Jaccard {kerntools} | R Documentation |
Kernels for sets
Description
'Intersect()' or 'Jaccard()' compute the kernel functions of the same name, which are useful for set data. Their input is a matrix or data.frame with dimension NxD, where N>1, D>0. Samples should be in the rows and features in the columns. When there is a single feature, 'Jaccard()' returns 1 if the elements of the set are exactly the same in two given samples, and 0 if they are completely different (see Details). Instead, in the multivariate case (D>1), the results (for both 'Intersect()' and 'Jaccard()') of the D features are combined with a sum, a mean, or a weighted mean.
Usage
Jaccard(X, elements = LETTERS, comp = "mean", coeff = NULL)
Intersect(
X,
elements = LETTERS,
comp = "mean",
coeff = NULL,
feat_space = FALSE
)
Arguments
X |
Matrix (class "character") or data.frame (class "character", or columns = "factor"). The elements in X are assumed to be categorical in nature. |
elements |
All potential elements (symbols) that can appear in the sets. If there are some elements that are not of interest, they can be excluded so they are not taken into account by these kernels. (Defaults: LETTERS). |
comp |
When D>1, this argument indicates how the variables of the dataset are combined. Options are: "mean", "sum" and "weighted". (Defaults: "mean")
|
coeff |
(optional) A vector of weights with length D. |
feat_space |
(not available for the Jaccard kernel). If FALSE, only the kernel matrix is returned. Otherwise, the feature space is returned too. (Defaults: FALSE). |
Details
Let A,B
be two sets. Then, the Intersect
kernel is defined as:
K_{Intersect}(A,B)=|A \cap B|
And the Jaccard kernel is defined as:
K_{Jaccard}(A,B)=|A \cap B| / |A \cup B|
This specific implementation of the Intersect and Jaccard kernels expects that the set members (elements) are character symbols (length=1). In case the set data is multivariate (D>1 columns, and each one contains a set feature), elements for the D sets should come from the same domain (universe). For instance, a dataset with two variables, so the elements in the first one are colors c("green","black","white","red") and the second are names c("Anna","Elsa","Maria") is not allowed. In that case, set factors should be recoded to colors c("g","b","w","r") and names c("A","E","M") and, if necessary, 'Intersect()' (or 'Jaccard()') should be called twice.
Value
Kernel matrix (dimension: NxN), or a list with the kernel matrix and the feature space.
References
Bouchard, M., Jousselme, A. L., and Doré, P. E. (2013). A proof for the positive definiteness of the Jaccard index matrix. International Journal of Approximate Reasoning, 54(5), 615-626.

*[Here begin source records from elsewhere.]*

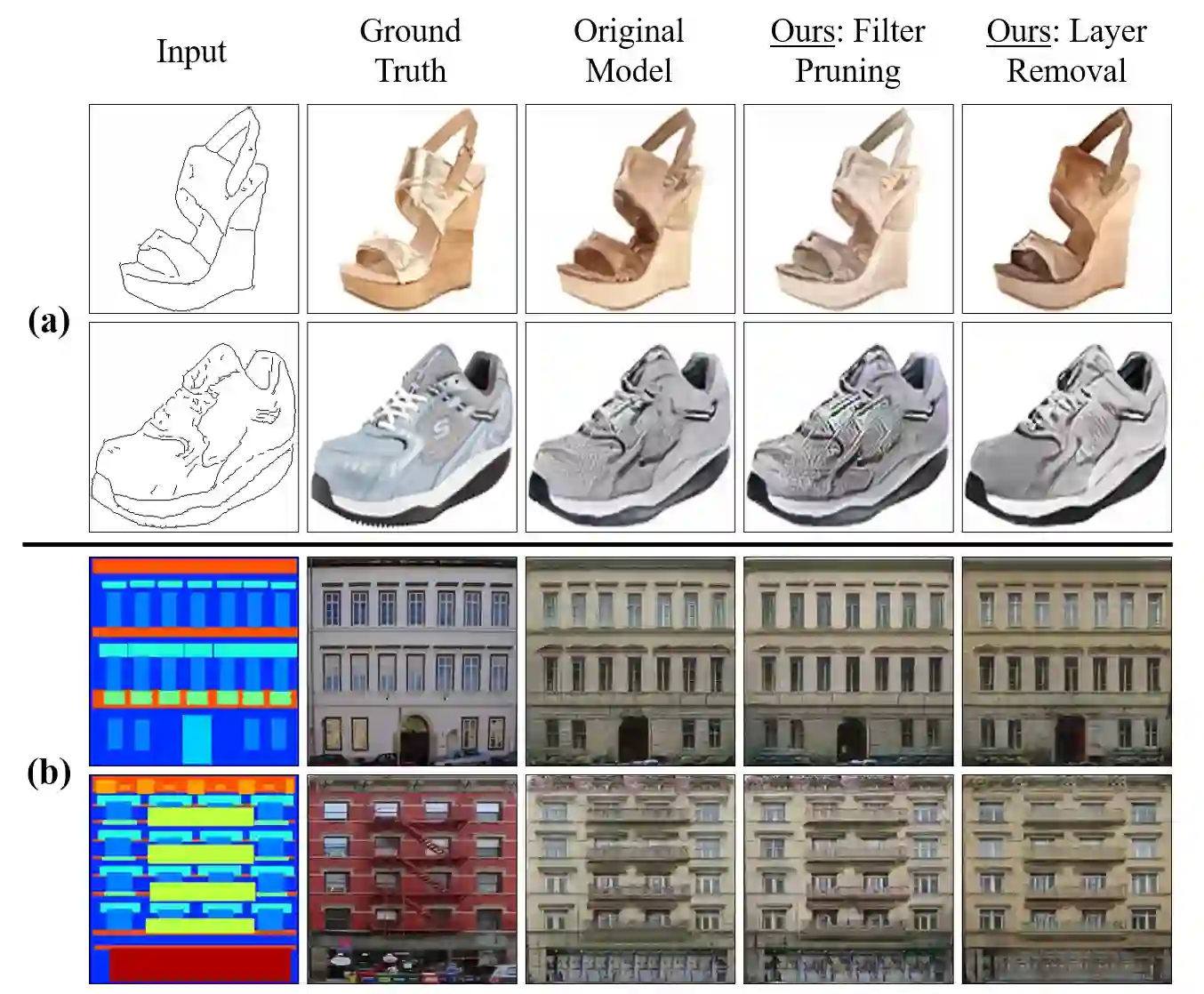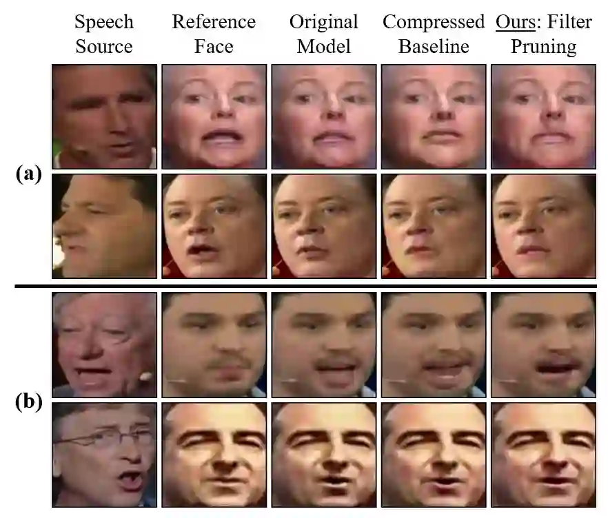 翻译:有效压缩压压超分化模型。 尽管对歧视模型的修剪方法非常成功, 但相对而言很少采用这些方法来应用基因模型。 本研究对有条件GANs的 U-Net 生成器进行结构化的修剪。 一次层次敏感度分析证实,在瓶颈附近的最深层存在许多不必要的过滤器, 并且可以大量修剪。 基于这一观察, 我们将这些过滤器从多个内部层中提取出来, 或者通过完全清除这些层来建议替代结构。 我们用 Pix2Pix 来评估图像到模拟翻译的方法, 和用Wav2Lip 来评估语音驱动的面部话语生成的方法。 我们的方法优于全球修剪基准, 表明适当考虑如何为 U- Net 生成器进行普鲁纳的重要性 。
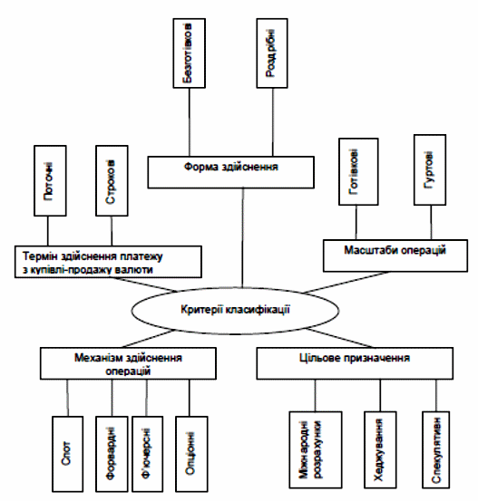 Рис. 13.1. Критерії класифікації валютних операцій.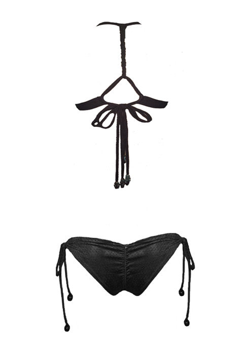 Black pseudo-suede, stretch microfiber braided back halter top with low-rise front, looped tie-sides, and scrunch-butt bottoms (damn, that's a mouth full!). Suede is butter soft, perforated, and lined in a soft baby mesh.

Ruiz, F., Angulo, C., and Agell, N. (2008). Intersection and Signed-Intersection Kernels for Intervals. Frontiers in Artificial Intelligence and Applications. 184. 262-270. doi: 10.3233/978-1-58603-925-7-262.
Examples
# Sets data
## Generating a dataset with sets containing uppercase letters
random_set <- function(x)paste(sort(sample(LETTERS,x,FALSE)),sep="",collapse = "")
max_setsize <- 4
setsdata <- matrix(replicate(20,random_set(sample(2:max_setsize,1))),nrow=4,ncol=5)
## Computing the Intersect kernel:
Intersect(setsdata,elements=LETTERS,comp="sum")
## Computing the Jaccard kernel weighting the variables:
coeffs <- c(0.1,0.15,0.15,0.4,0.20)
Jaccard(setsdata,elements=LETTERS,comp="weighted",coeff=coeffs)